Problem to work on:
From the line with "Our 16 Momme" through the line with "Mappa totius mundi", inclusive, return each line of the data below exactly and leave the rest out.

Extracted data:
○ ○ ○ ○ ○

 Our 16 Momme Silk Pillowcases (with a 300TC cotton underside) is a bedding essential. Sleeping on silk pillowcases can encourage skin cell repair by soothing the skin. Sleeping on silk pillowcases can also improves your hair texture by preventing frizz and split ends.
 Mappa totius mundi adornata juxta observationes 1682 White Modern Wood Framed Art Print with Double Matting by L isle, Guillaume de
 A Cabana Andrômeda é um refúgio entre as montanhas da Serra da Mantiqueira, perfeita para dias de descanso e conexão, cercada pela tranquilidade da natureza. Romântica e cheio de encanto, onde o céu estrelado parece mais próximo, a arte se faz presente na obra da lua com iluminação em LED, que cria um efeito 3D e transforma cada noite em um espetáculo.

○ ○ ○ ○ ○

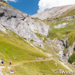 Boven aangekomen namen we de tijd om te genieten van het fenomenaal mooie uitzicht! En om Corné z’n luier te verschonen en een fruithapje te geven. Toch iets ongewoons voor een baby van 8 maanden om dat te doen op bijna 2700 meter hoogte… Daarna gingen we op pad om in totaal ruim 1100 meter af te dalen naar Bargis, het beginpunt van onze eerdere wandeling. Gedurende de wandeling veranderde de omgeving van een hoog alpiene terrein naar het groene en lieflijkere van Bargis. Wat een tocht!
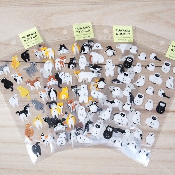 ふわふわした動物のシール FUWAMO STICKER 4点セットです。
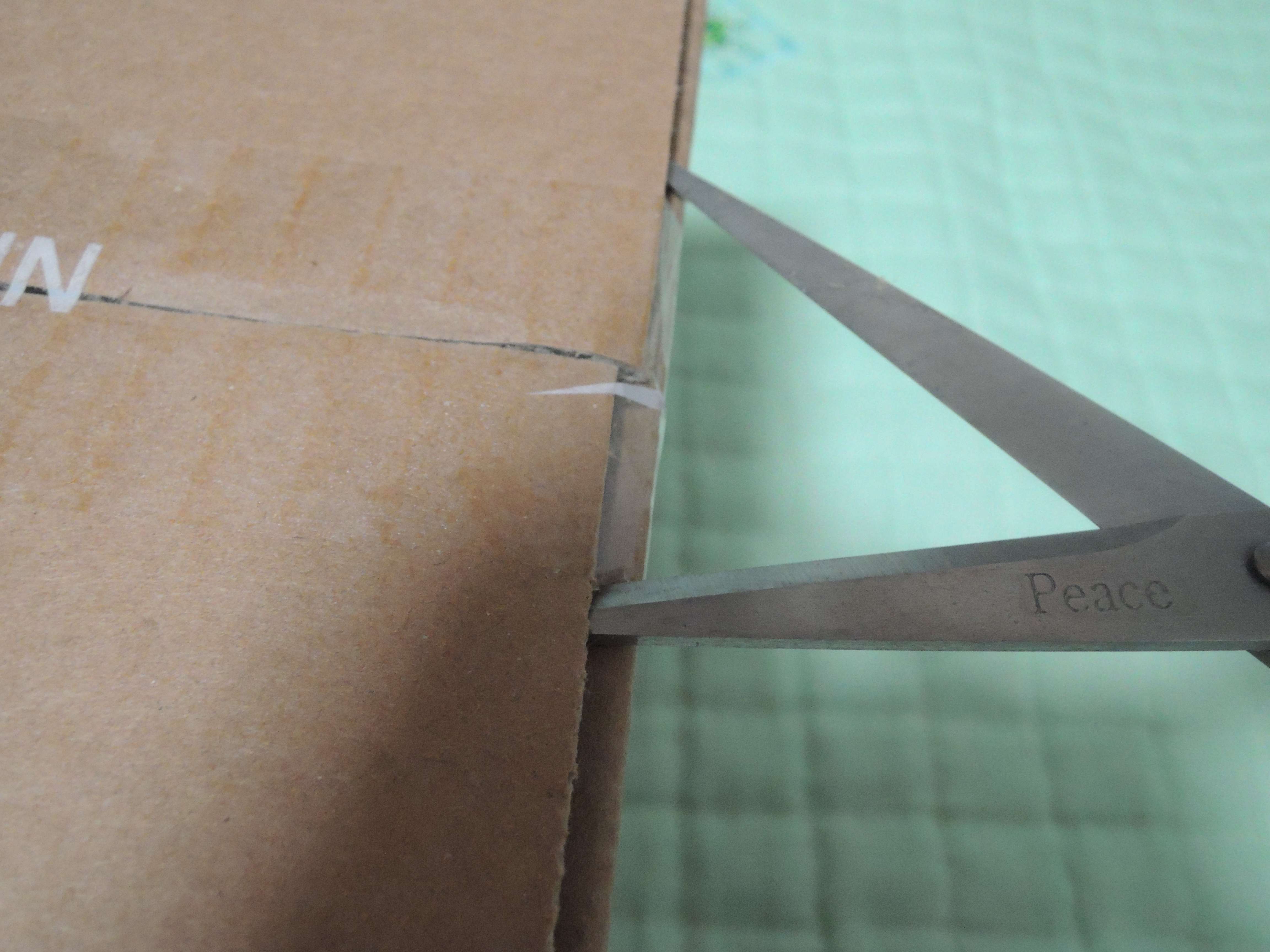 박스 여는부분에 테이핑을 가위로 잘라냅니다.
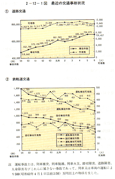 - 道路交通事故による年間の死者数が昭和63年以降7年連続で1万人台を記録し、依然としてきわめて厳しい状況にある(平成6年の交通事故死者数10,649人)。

○ ○ ○ ○ ○

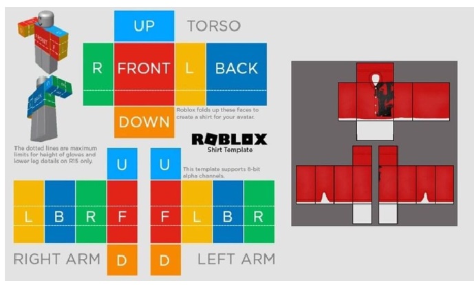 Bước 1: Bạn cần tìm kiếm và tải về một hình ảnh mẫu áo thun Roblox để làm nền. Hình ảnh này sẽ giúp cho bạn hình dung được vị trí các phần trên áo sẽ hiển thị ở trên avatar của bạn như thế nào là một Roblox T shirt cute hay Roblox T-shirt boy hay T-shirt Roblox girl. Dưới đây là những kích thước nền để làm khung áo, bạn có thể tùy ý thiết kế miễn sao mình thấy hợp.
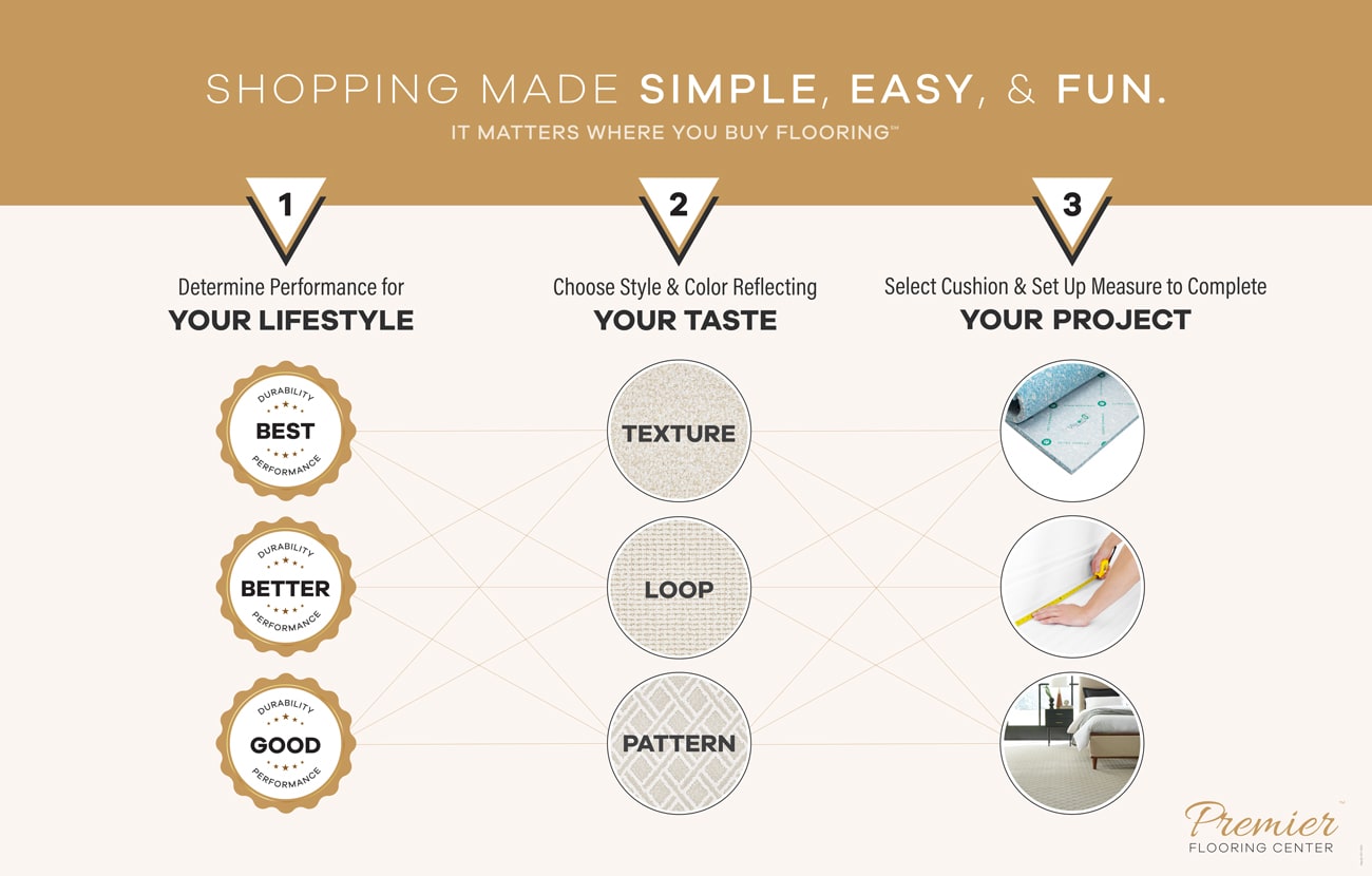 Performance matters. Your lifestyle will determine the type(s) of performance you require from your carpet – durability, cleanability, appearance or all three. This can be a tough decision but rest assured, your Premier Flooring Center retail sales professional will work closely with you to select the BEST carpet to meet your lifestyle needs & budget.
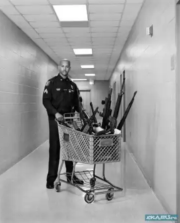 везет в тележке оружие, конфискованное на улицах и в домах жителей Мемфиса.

○ ○ ○ ○ ○

Result of this exercise:
 Our 16 Momme Silk Pillowcases (with a 300TC cotton underside) is a bedding essential. Sleeping on silk pillowcases can encourage skin cell repair by soothing the skin. Sleeping on silk pillowcases can also improves your hair texture by preventing frizz and split ends.
 Mappa totius mundi adornata juxta observationes 1682 White Modern Wood Framed Art Print with Double Matting by L isle, Guillaume de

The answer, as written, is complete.